Balto. Co.'s Riley uncertain about next political move Councilman vowed not to seek third term

GOP wants him to run

October 06, 1997|By Larry Carson | Larry Carson,SUN STAFF

Douglas Brooks Riley, an engaging but sometimes stubborn Massachusetts-born Irishman, has talked his way into a political dilemma for himself -- and for Baltimore County's Republican Party.

Riley, 44, a Towson Republican, is in his second term on the County Council and no opponent has emerged to challenge him in 1998. Some party leaders, including Rep. Robert L. Ehrlich Jr., call him the odds-on favorite in the GOP's bid to regain the county executive's seat in 2002.

But Riley said he feels bound by a years-old pledge not to run for a third council term. And now, as he weighs his next move, he risks ending his political career and eliminating one of the outnumbered Republicans' best hopes for a countywide battle with the Democrats.

If Riley, a lawyer, gives up his council seat "it would be a ruinous loss," said Richard Parsons, vice president of the West Towson Neighborhood Association. If the councilman were to change his mind, though, Parsons said, "I'd jump up and down and shout 'Huzzah!' "

Riley's two-term pledge, made in 1990, was based on a belief that burnout comes from any longer tenure. He said he might run for Maryland attorney general, or leave politics for now to devote more time to his family; his wife, Eileen, is a lawyer and U.S. Naval Reserve captain, and they have three children ages 8 to 14.

"I'm doing a lot of thinking about it," he said, adding that he would run for county executive "in a heartbeat."

But in 1998, that and several other options -- state Senate, House of Delegates, Congress -- are blocked by powerful incumbents, allies or friends. County Executive C. A. Dutch Ruppersberger, for example, was a close friend and ally on the council for four years and is a popular incumbent expected to run for re-election.

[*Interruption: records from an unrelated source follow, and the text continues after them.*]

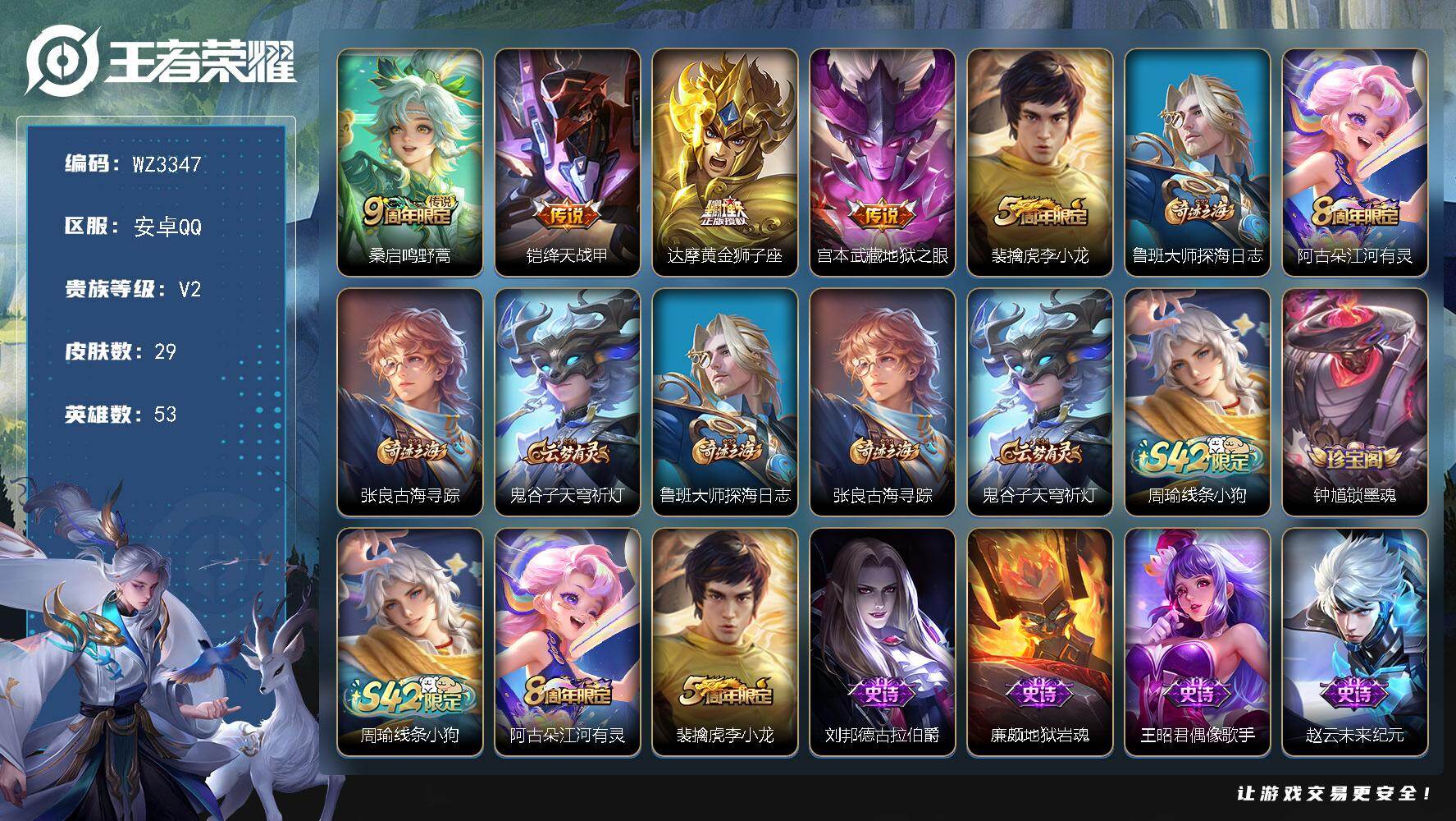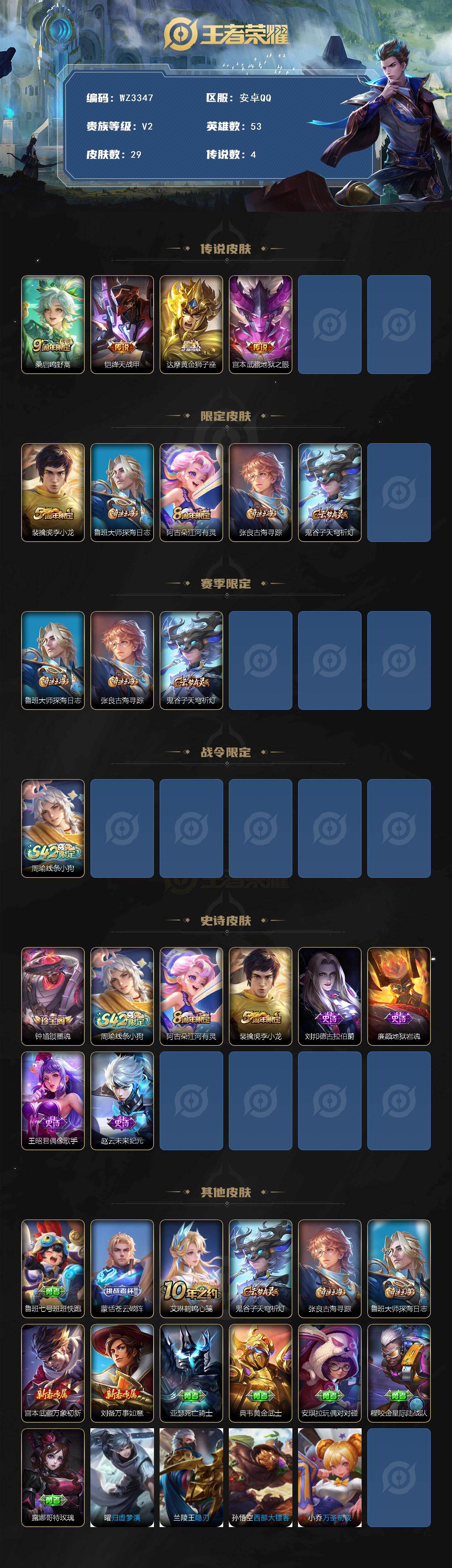 【秒换绑】安卓Q-V2-尊贵铂金I段位-53英雄-29皮肤-4传说-7史诗【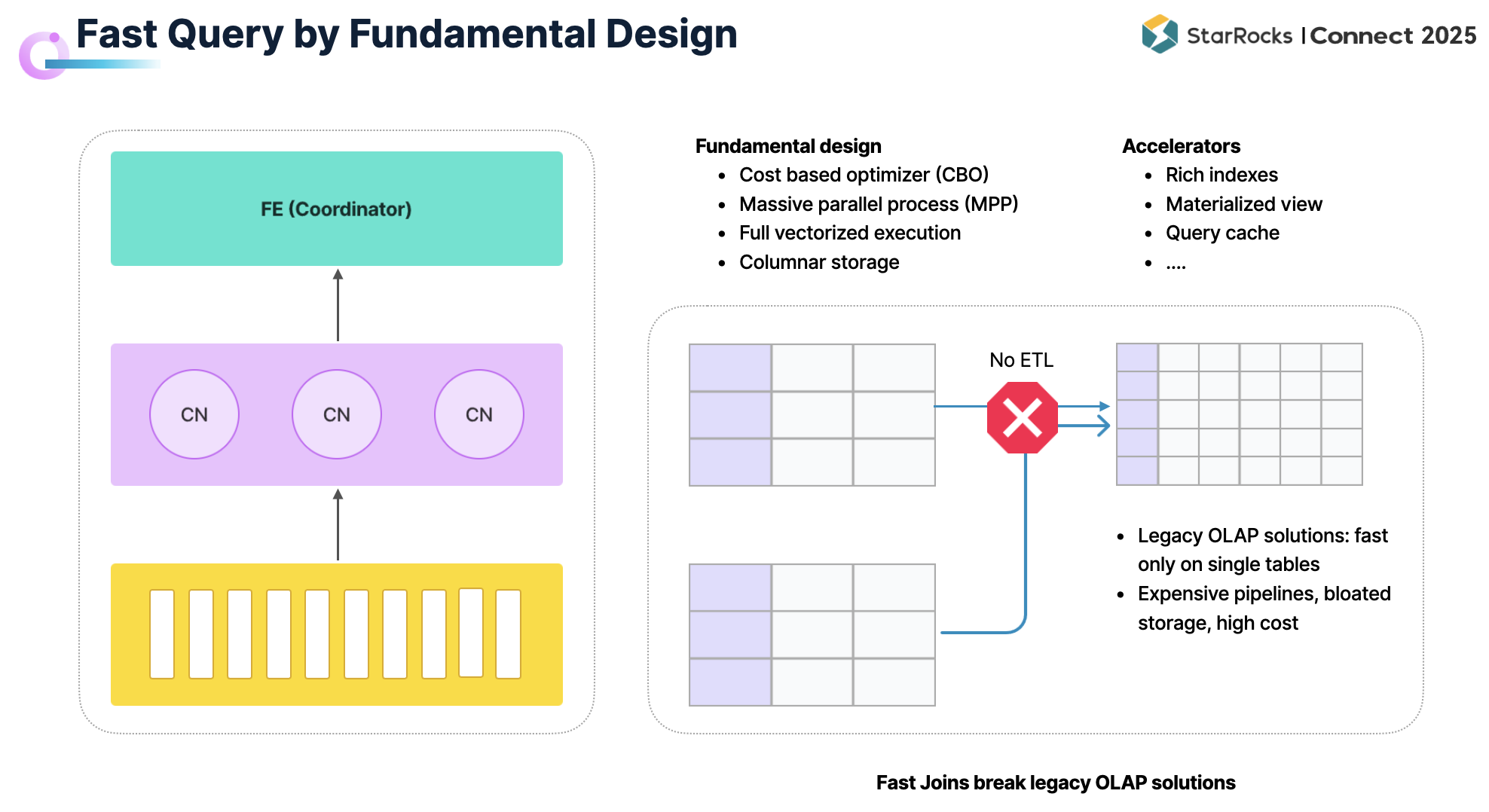 在众多应用场景中,查询延时往往是最核心的指标之一。StarRocks 之所以能够在查询性能上保持优势,主要体现在以下三个方面: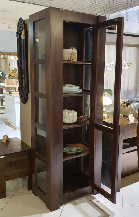 Meble kolonialne - drewniana wysoka witryna indyjska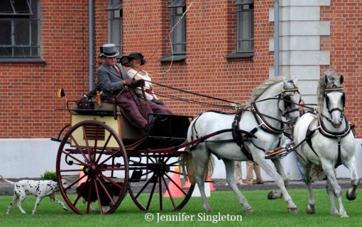 I saw some horse-show photos yesterday … I think they were probably from the very early twentieth century. In one, as a test of the driver’s skill, a turnout was driving between two chairs. Percursors to our modern cones competitions, perhaps?
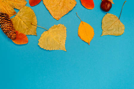Autumn frame of maple leaves, oak, acorns and pumpkins on a blue background. Flat lay, top view, place for text
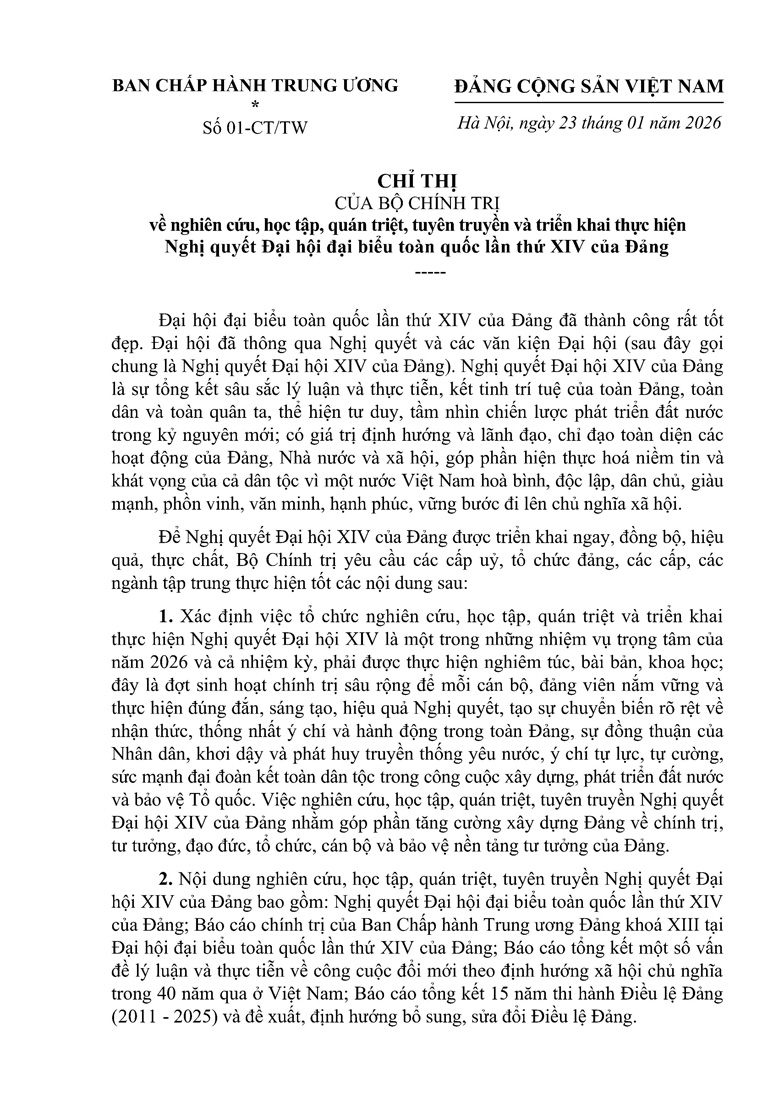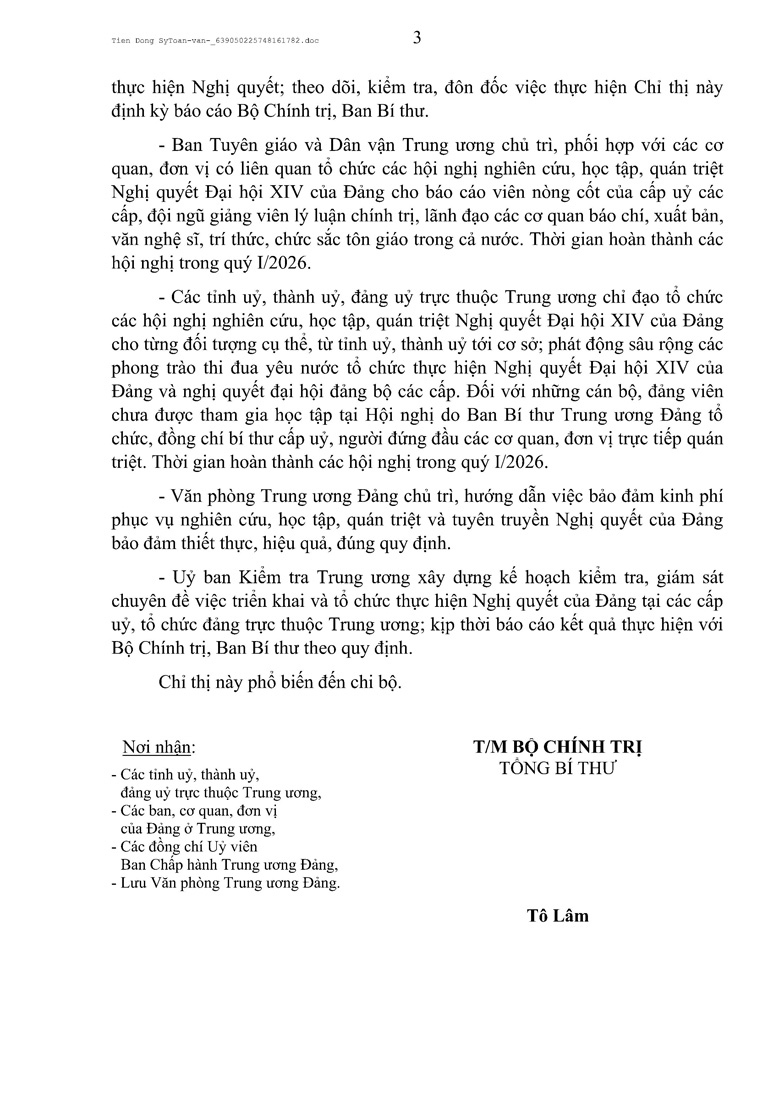 - Công văn 779 triển khai thực hiện Kết luận số 207-KL/TW của Ban Bí thư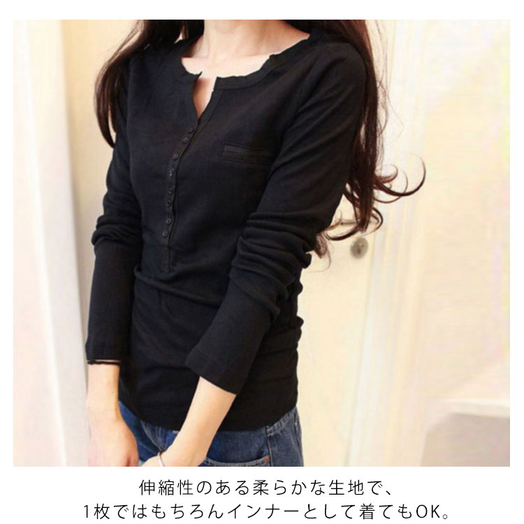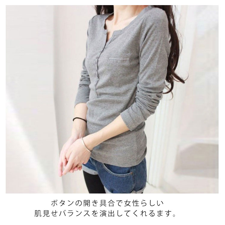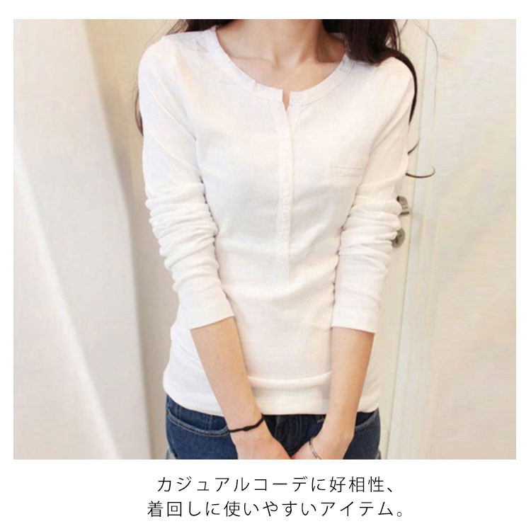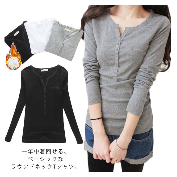| 一年中着回せる、ベーシックなラウンドネックTシャツ。 ボタンの開き具合で女性らしい肌見せバランスを演出してくれるます。 伸縮性のある柔らかな生地で、1枚ではもちろんインナーとして着てもOK。 キレイシルエットでスタイルUPしちゃいましょう♪ カジュアルコーデに好相性、着回しに使いやすいアイテム。 | |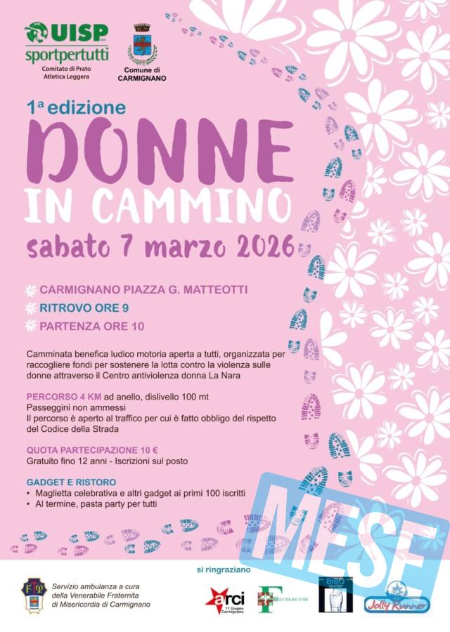 Prato-Carmignano – Non una semplice passeggiata in rosa, ma un cammino lungo 4 chilometri per condividere il progetto di sostenere le donne vittime di violenza. Si terrà sabato 7 marzo la prima edizione di ‘Donne in Cammino’, l’iniziativa benefica ludico motoria organizzata per raccogliere fondi per sostenere la lotta contro la violenza sulle donne attraverso il Centro antiviolenza La Nara. A organizzare la camminata Uisp Prato e il Comune di Carmignano. L’invito alla partecipazione è rivolto a tutta la comunità. Il ritrovo è alle 9 in piazza Matteotti a Carmignano. Un’ora più tardi la partenza dell’iniziativa. Il percorso è anello, con un dislivello di 100 metri. I passeggini non sono ammessi, anche perché il tracciato è aperto al traffico, per cui è fatto obbligo del rispetto del Codice della Strada. Da piazza Matteotti si va verso via Tempesti, via Ser Lapo Mazzei, via Redi, via Borchi, via Loggette, via Pucci e Verdini, largo della Repubblica, via Roma, via Modesti, via Chiti, via di Castello, via Ertone, piazza S. Cristina, via Vergheretana, via del Camposanto, via Marcignano, via Vergheretana, via Nencioni, Belvedere padre Bocci, viale Parenti, via Modesti, parcheggio S. Caterina, via Pontormo, piazza Niccolini, via Roma e arrivo al circolo 11 Giugno per il pasta party. La quota di partecipazione è di 10 euro, con iscrizioni sul posto. L’iniziativa è gratis per i minori di 12 anni. Per l’evento si ringraziano: Misericordia di Carmignano per il servizio ambulanza, circolo Arci 11 Giugno, Farmacom, Jolly Runner e Bibo Acque Minerali.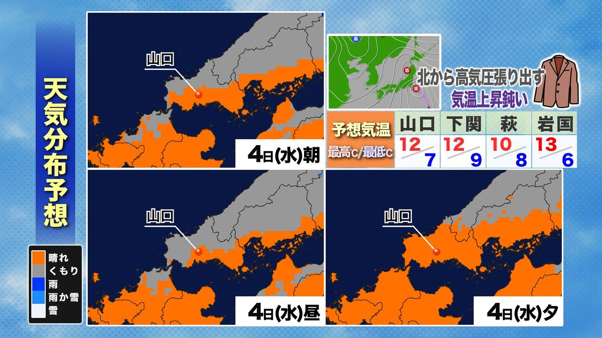 日本海側では、今夜もまだ細かい雨が降る所があるでしょう。あす4日(水)は日中は日本海側を中心に曇りがちですが、夕方頃から徐々に県内広範囲で晴れ間が出てくる見込みです。冷たい北風の流れ込みが続くことで、最高気温で10度ちょっとか、山間部は1桁にとどまる所もあるなど、空気の冷たさが体に堪える一日となります。さらに夜にかけて、グッと冷え込みが増してきそうです。しっかり厚着など心掛けましょう。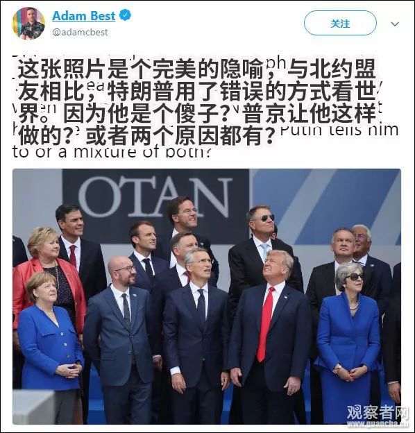 該照片目前已經(jīng)被西方各大主流媒體使用,作為其報(bào)道北約峰會(huì)的頭圖,比如美國(guó)《新聞周刊》、《時(shí)代》等。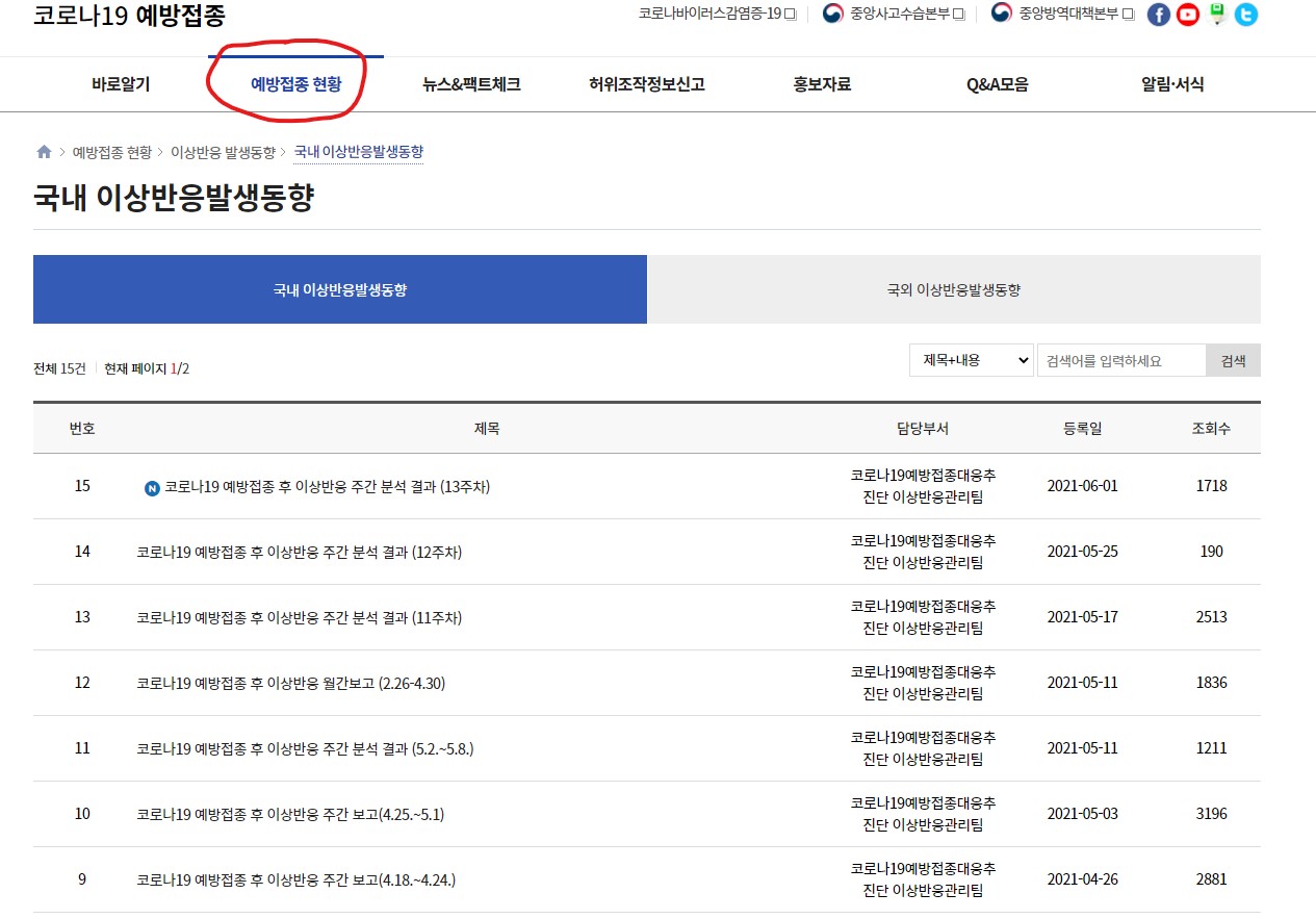 코로나19 예방접종 사전예약 시스템에서는 코로나 백신에 관해서 이상반응이 일어난걸 이렇게 확인할 수 있습니다. 국내와 국외 둘다 가능하구요. 언론에서 누가 얼마 죽었다 누가 위독하다 이런걸 안보더라도 알 수 있습니다.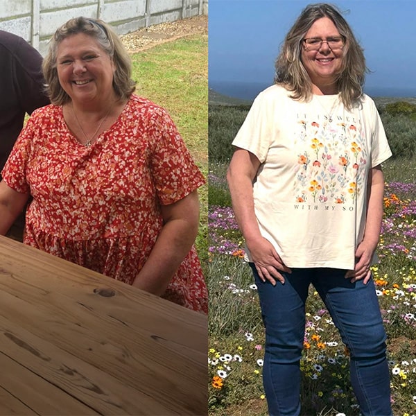 My man en dogter eet nou elke aand saam met my, en hulle het ook al gewig verloor! As gesin sit ons weer saam om ‘n tafel, sonder TV of fone en lekker gesels. Dis só lekker om dit terug te hê. My doel is om oor die volgende paar maande van chroniese medikasie ontslae te raak en my gesondheid deur dieet en leefstyl te herstel.

"Doug and I did everything together," Ruppersberger said. "I've always liked the guy."

Some fellow Republicans are concerned about Riley's two-terms-and-out council pledge.

"I've tried to talk him out of this," Republican state Sen. F. Vernon Boozer said. "I don't think Doug would burn out. I don't see any burnout factor there."

Baltimore County Republicans have toiled for years to build a party from the ground up -- with mixed success.

Overthrowing an all-Democrat government in 1990's voter revolt, they captured the top job with county Executive Roger B. Hayden and three council seats. Those seats, combined with the aid of renegade Democrat Donald C. Mason of Dundalk, gave the Republicans effective control of the seven-member council.

In 1994, however, Ruppersberger recaptured the county executive's job for the Democrats, and now Riley and T. Bryan McIntire, a North County-Owings Mills Republican, are outnumbered 5-2 and shut out of council leadership.

"It would be a terrible thing for the Republican Party if they left so viable a person as Doug Riley to die on the vine. We can't afford that," McIntire said.

Riley is exactly the kind of bright young candidate that older Maryland Republicans worked for years to recruit as a way to build the party.

"He was one of my young leaders group," said former U.S. Rep. Helen Delich Bentley, who wants Riley to run for council again.

"We are building a farm team, and I want to keep the team on the field," said Ellen R. Sauerbrey, a veteran county Republican who is running for governor. Sauerbrey said she might not run a full ticket, however, which could leave Riley on his own, without much campaign money in the bank.

That's one reason he has to decide soon whether to seek the attorney general's position.

Riley said, "That's a race I'm focusing on right now."